3. Les frais de procédure sont laissés à la charge de l'Etat, l'avance de frais
de Fr. 3'500.- effectuée par la recourante lui étant restituée.
4. L'Administration fédérale des contributions est tenue de verser à la
recourante une indemnité de dépens de Fr. 4'000.-.
5. Le présent arrêt est communiqué :
- à la recourante (acte judiciaire);
- à l'autorité intimée (n° de réf. *******; acte judiciaire).
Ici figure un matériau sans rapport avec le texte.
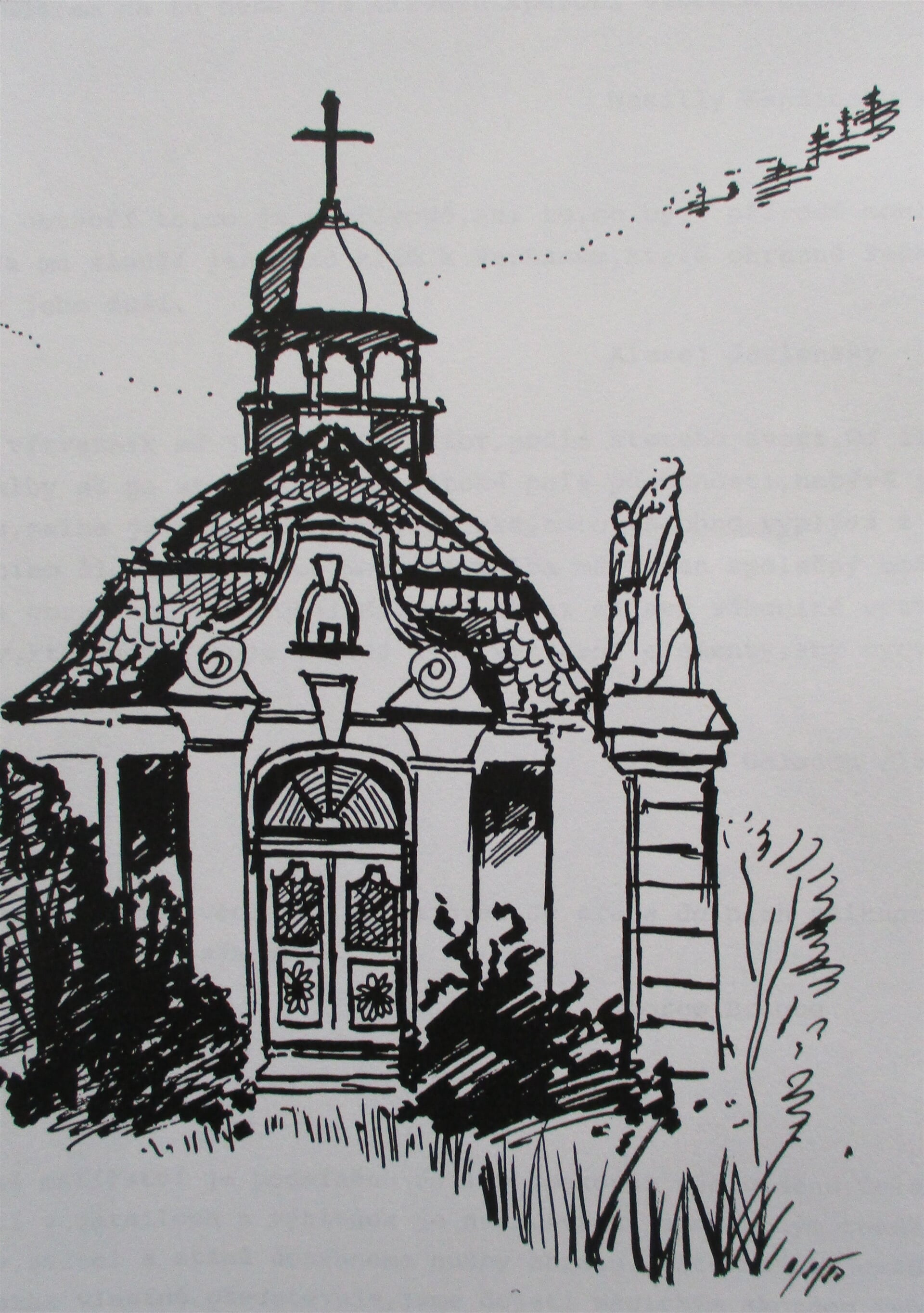 kresba "Hejnice, Kaple sv. Antonína", pero papír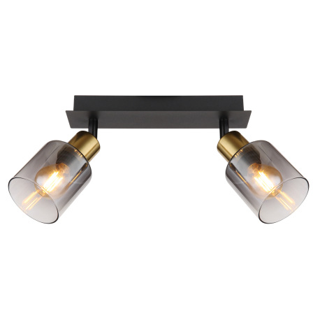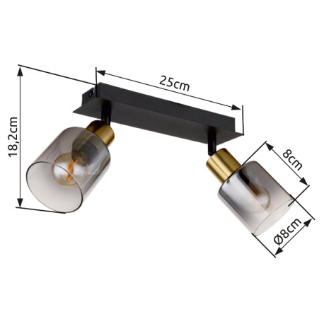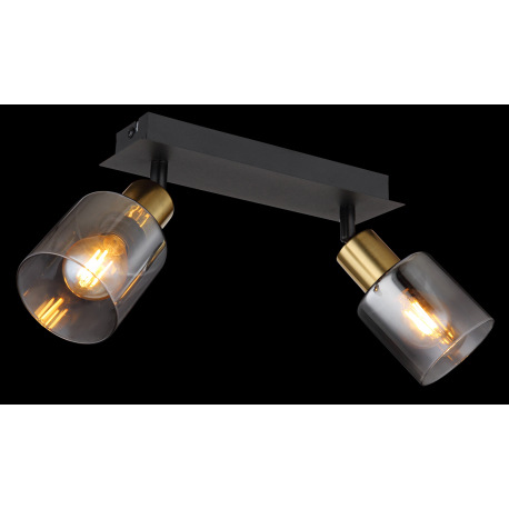 Nástenné svietidlo, kov čierny matný, kov zlatý matný, sklo dymové, priehľadné, DxŠxV: 250x80x182mm,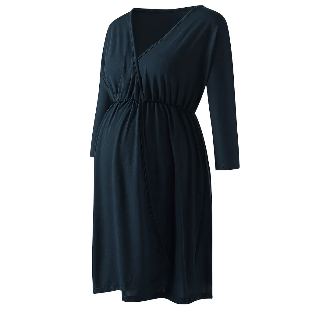 Женская мода для беременных с v-образным вырезом пятиточечный рукав платье для отдыха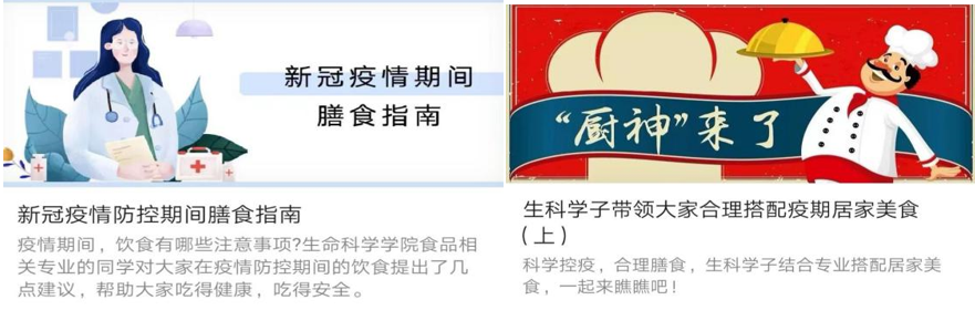 疫情当前,除了做好个人防护与居家消毒外,科学合理的营养膳食是保障免疫系统正常工作的基础,注意日常饮食管理,能提高机体免疫力,降低疾病风险。为此学生党支部带领学院各个团支部开展主题团日活动,结合食品相关专业特点,发布《新冠疫情防控期间膳食指南》等微信推送,对大家在疫情防控期间的饮食提出了几点建议,帮助大家吃得健康,吃得安全,并推荐居家制作简便、营养合理、色香味俱佳的美食,帮助大家以最佳的健康状态与疫情作战,为打赢疫情防控攻坚战做出应有的贡献!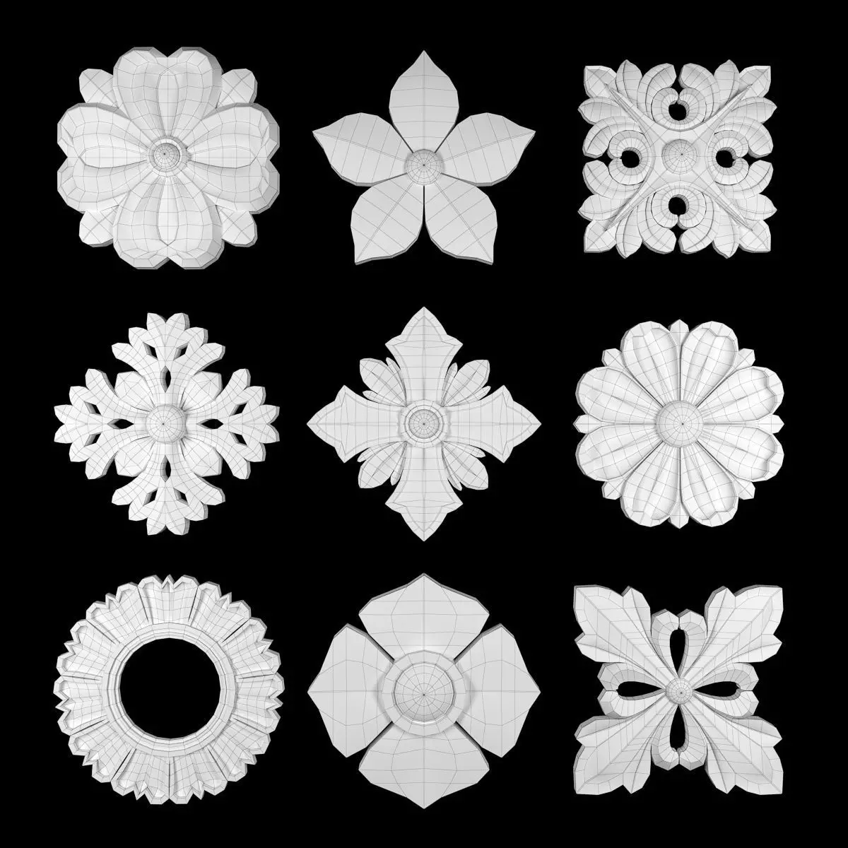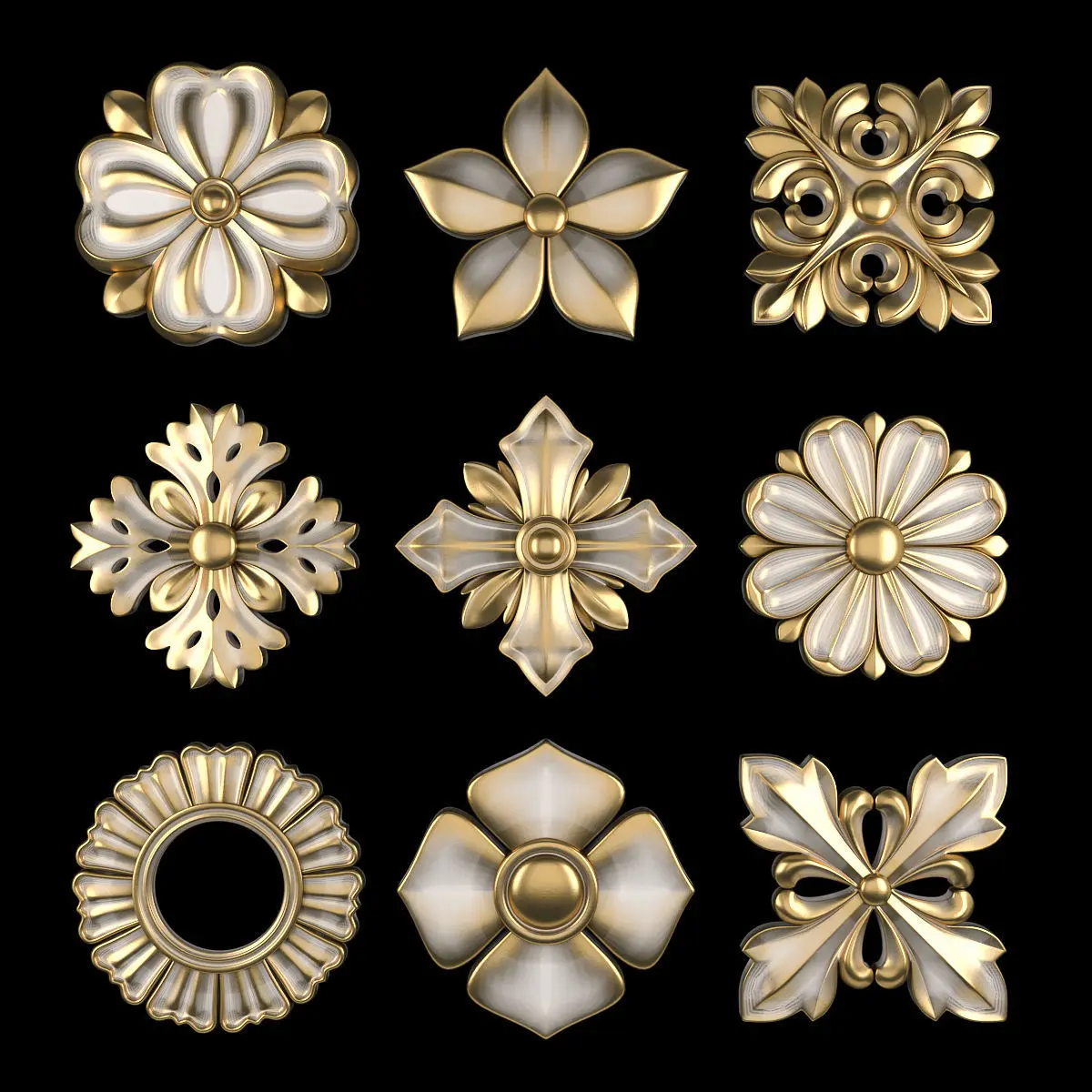 - *Ornament modeling is done with 3D Max software- -Material processing is done with two rendering engines : Corona and vray- *Is the 2016 project file version- *Files in the project: 3dsmax + Corona-3dsmax + Vray +Obj + Mtl- Name: Ornament Element Pack 10- Version: 2016- Units: Centimeters- Dimension:19*19*2CM- Reset XForm: Yes- Formats: 3Ds Max 2016 - Vray + Corona- Poly: 156/940- Vertex: 163/167- - 3 Mtl : Gold + Gypsum + Blend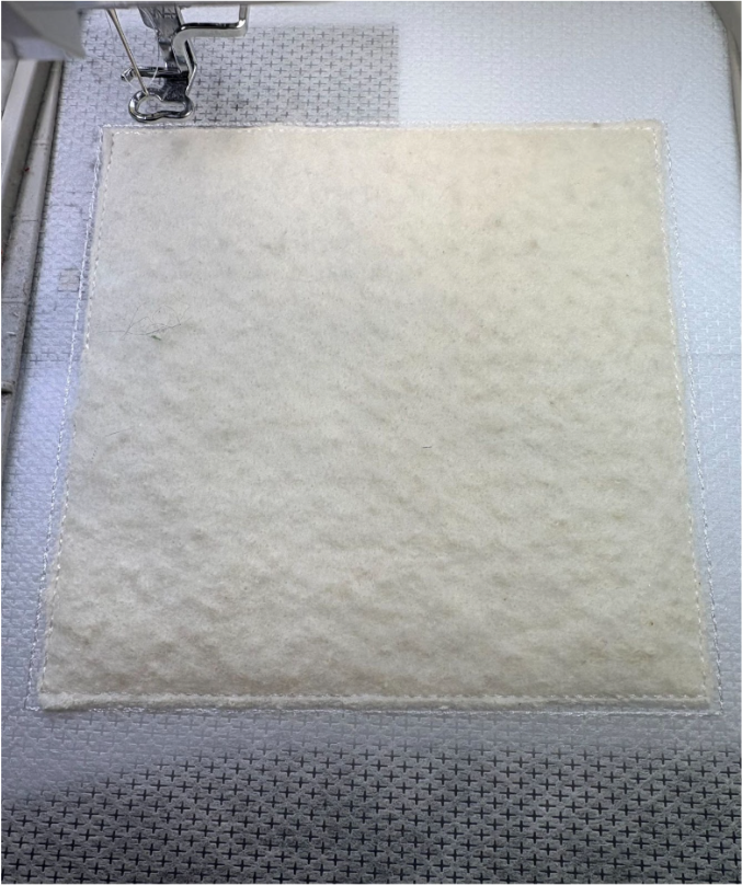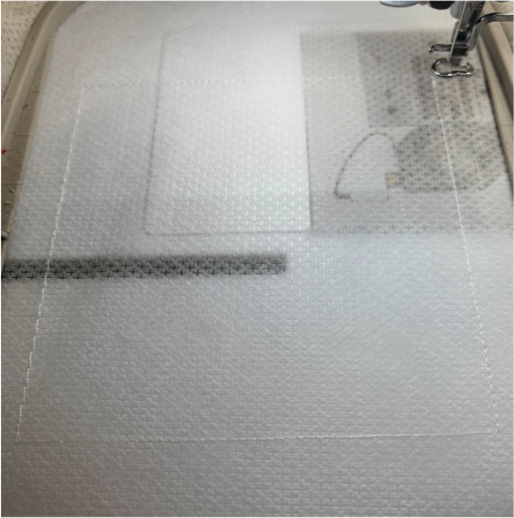 Hoop cut-away stabilizer and take it to your machine. Run the first step, the placement line for your batting.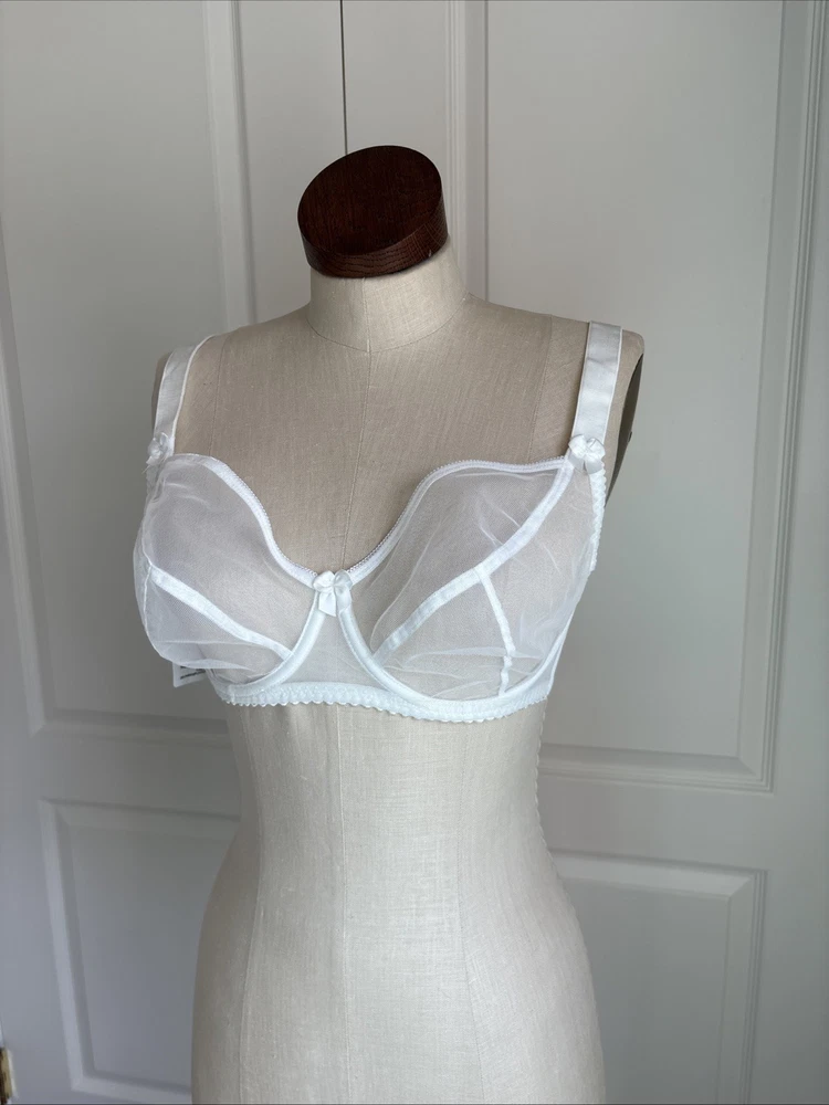 The Sheer Seduction Full Cup Bra uses 3 section cups for a super supportive sexy bra. This bra is supportive enough to be your favorite everyday bra, while the sheerness adds charisma for a special occasion Production Sample Ivory Size 34DD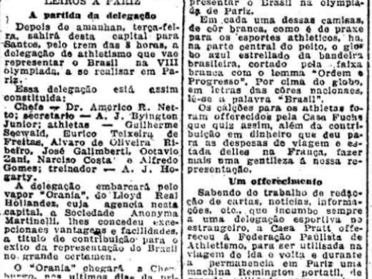 Em 25 de março de 1924, a Confederação Brasileira de Desportos, a CBF da época, desistia oficialmente de levar o futebol à Olimpíada de Paris por falta de recursos. O governo havia prometido 350 contos de réis, mas a verba não foi liberada. A Secretaria da Associação Paulista de Sports Athleticos (APSA) publicou nota oficial sobre o ocorrido. Para que uma delegação brasileira fosse aos Jogos Olímpicos, a recém-criada Federação Paulista de Atletismo (FPA), fundada em 30 de janeiro de 1924, e o jornal O Estado de São Paulo se uniram. FPA organizou a equipe, e o Estadão viabilizou os recursos, contribuindo e fazendo ampla divulgação da vaquinha. Conseguiram concretizar o sonho, com uma delegação olímpica formada praticamente por atletas paulistas do atletismo. Essa façanha é um dos capítulos do livro do centenário da FPA, que está sendo escrito pelo historiador Diano Massarani e que será lançado no segundo semestre.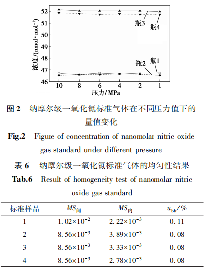 本研究制备了4瓶浓度水平为50 nmol/mol、压力为10 MPa的氮气中一氧化氮标准气体,用于考察样品的瓶内均匀性。图2为制备的一氧化氮标准气体在10、8、6、4、2、1 MPa压力下的量值变化图,表6为一氧化氮标准气体由不均匀引入的不确定度。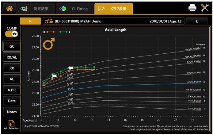 MYAHは眼軸長測定検査や角膜形状解析、ドライアイ診断など多くの機能を併せ持つ機器です。特に子供の近視治療において、短時間で眼軸長測定や角膜形状解析が可能であり、眼軸長の進展をモニタリングすることで近視進行の程度を時系列にしてグラフ化します。さらにアジア人のデータを基に作成された成長曲線との比較を行うことで、進行速度についてもより的確に評価し、皆さんに現状を可視化してお伝えすることが可能となりました。 当院ではこのMYAHを北海道初導入しました。子供たちの近視について評価するとともに、治療も含めて眼のことについて皆さんにご興味を持ってもらえるよう、また治療の効果などについても的確に状況をお伝えしながら相談できるよう、体制を整えております。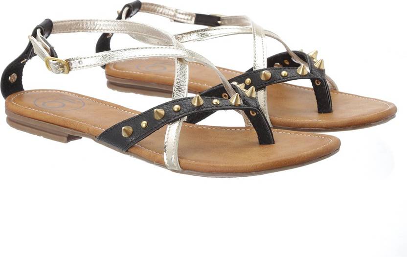 Women Flats Sandal (Black, Gold , 38 Euro)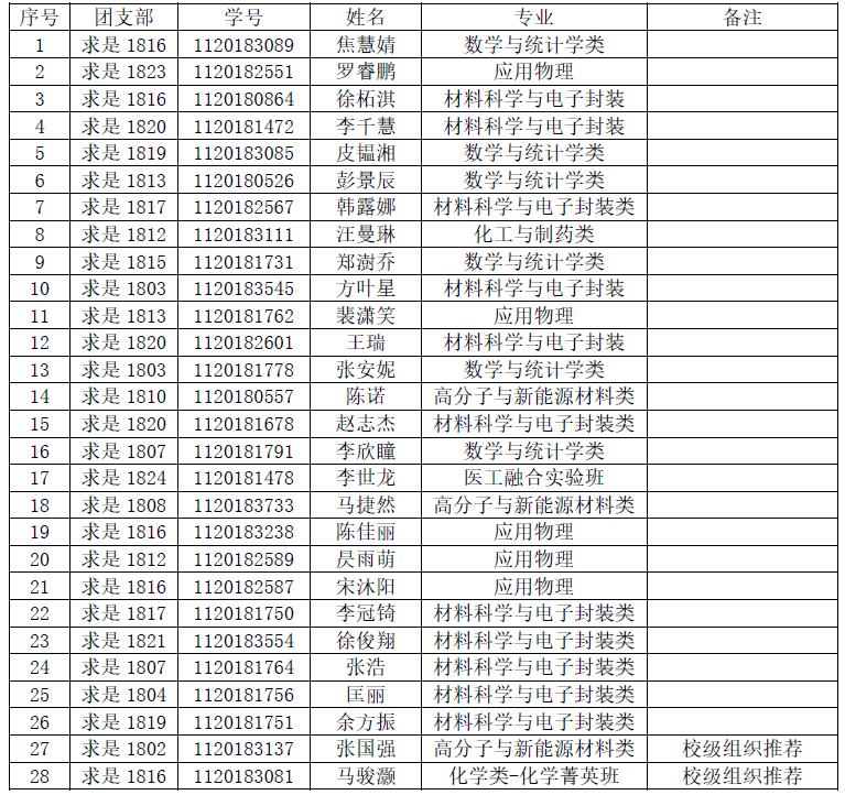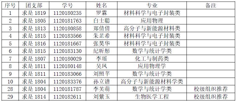 根據共青團北京理工大學委員會《關于開展2019-2020年度共青團系統“五四”評優工作的通知》,2020年4月12日起,求是書院分團委啟動本次評優宣傳動員和院級評選申報工作。經18級各基層團支部組織申報,綜合2018-2019-2學期綜合測評成績、2019-2020-1學期學業成績、團員日常表現及專職團干部評價,擬推薦焦慧婧等26名同學獲得“優秀團員”榮譽稱號,白士聰等10名同學獲得“優秀團干部”榮譽稱號,求是1816團支部等3個團支部獲得“優秀團支部”榮譽稱號;擬推薦求是1807團支部李欣瞳同學參評校級“志愿服務先進個人”,擬推薦求是1815團支部“擔復興大任·做時代新人”系列團日活動參評校級主題教育特色項目。

Le Juge Président de la Chambre: La Greffière:
Thomas Stadelmann Marie-Chantal May Canellas
Voies de droit
Contre le présent arrêt, un recours en matière de droit public peut être adressé au
Tribunal fédéral. Il doit être déposé dans les trente jours qui suivent la notification de
l’expédition complète, accompagné de l’arrêt attaqué. Le mémoire de recours, rédigé
dans une langue officielle, doit indiquer les conclusions, motifs et moyens de preuve et
être signé. Il doit être remis au plus tard le dernier jour du délai, soit au Tribunal fédéral,
1000 Lausanne 14, soit, à son attention, à La Poste Suisse ou à une représentation
diplomatique ou consulaire suisse (cf. art. 42, 48, 54 et 100 de la loi sur le Tribunal
fédéral du 17 juin 2005 [LTF], RS 173.110).